Darren West, Agriculture MLC and parliamentary secretary to Regional Development Agriculture and Food Minister Alannah MacTiernan, told the gathering he had a double interest in the work SafeFarmsWA was doing.
Apart from being “the only working farmer in State parliament”, he said an accident which killed a young boy feeding sheep had occurred on his sister’s farm.
“I just thought it was totally impossible you could drown a child in a grain feeder which has a 130 kilogram limit, but you can,” Mr West said.
“Sadly, for my sister’s family and the family of the boy involved, they will have that for the rest of their life.
“SafeFarmsWA is a very important organisation, it’s sons and wives and husbands that can be affected by accidents on farm.
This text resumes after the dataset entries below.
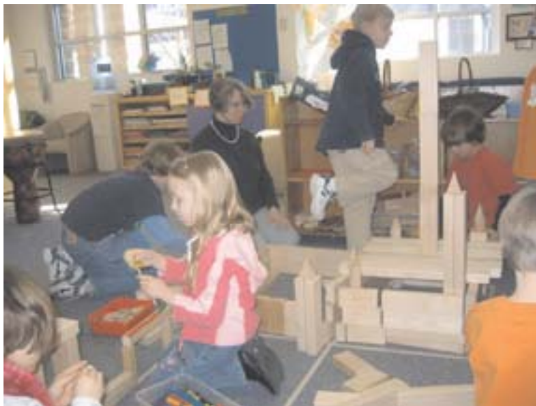
Block building....a city emerges.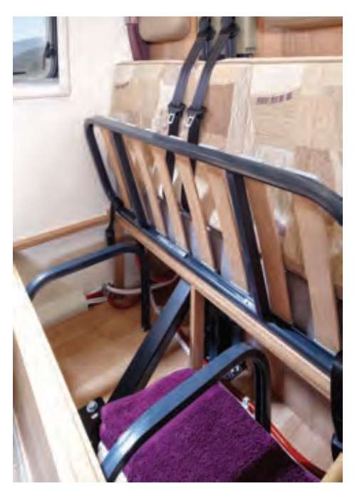
Additional strengthening to furniture in dedicated rear passenger area (745 & 760 only)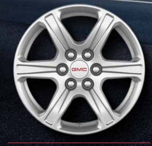
17" Painted Aluminum (RSC) — Standard on SL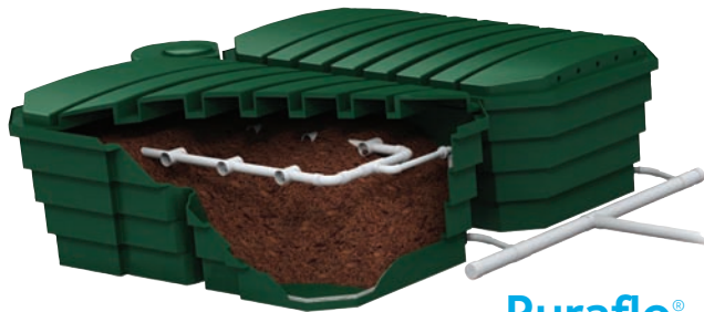
Puraflo® Peat Fiber Biofilter for Clean Water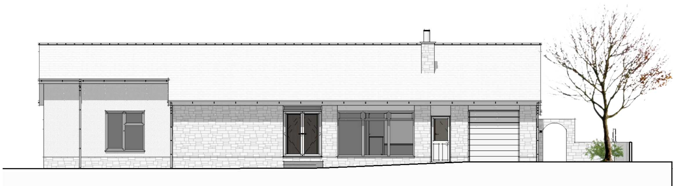
E :: EXISTING FRONT ELEVATION 2 scale: 1:100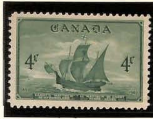
1949. Entry of Newfoundland into Canadian Confederation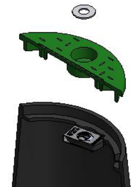
Bolt Down Detail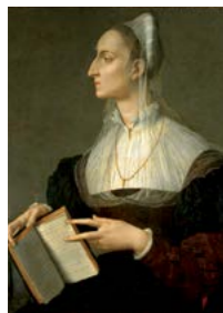
Portrait of Laura Battiferri by Agnolo Bronzino Loeser Bequest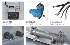
自动润滑装置 Auto Lubrication Device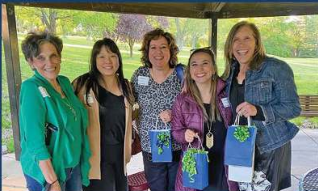
2021 Leadership Class attendees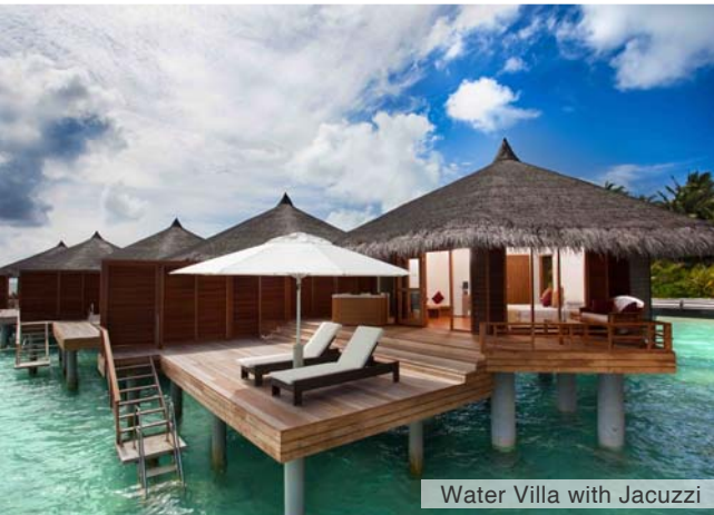
Water Villa with Jacuzzi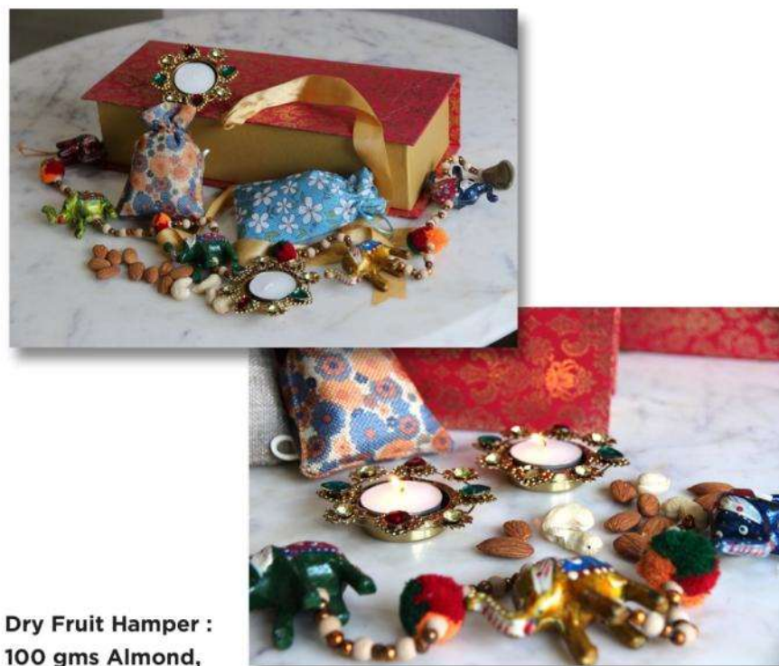
Dry Fruit Hamper : 100 gms Almond, 100 gms Raisins, 1 Festive T-light set, 1 toran in a gift box packaging

Product and packaging images are representative. Actual piece may vary depending on availability – but of same value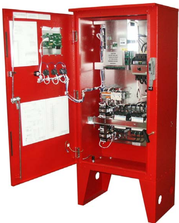
MP430 Fire Pump Controller

The controller is completely wired, assembled, and tested at the factory before shipment, and ready for immediate installation.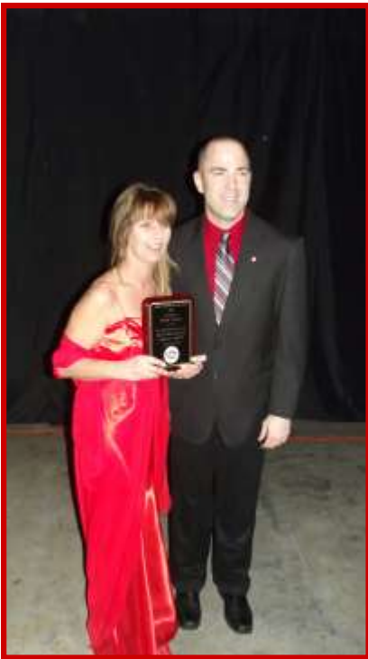
Bottom: Gateway to Leadership graduates receive award for completion of program.

“(On safety) agriculture doesn’t have a great story to tell.
“We have a culture that’s about ‘she’ll be right’, ‘we can do this’, ‘don’t worry about that just get the job done’ and I think that’s a culture we have to keep working at to change,” Mr West said.
SafeFarmsWA chief executive officer Maree Gooch said it was rebranded because people previously thought it was a part of WorkSafe.
Its new website, created with a $20,000 donation from CBH Group, is safefarms.net.au and it provides information and download forms on OHS issues.
SafeFarmsWA also offers three subscription packages with the top package providing on-line access to the farm safety manual and currently a free 30-minute consultation with a Hopgood Ganim lawyer.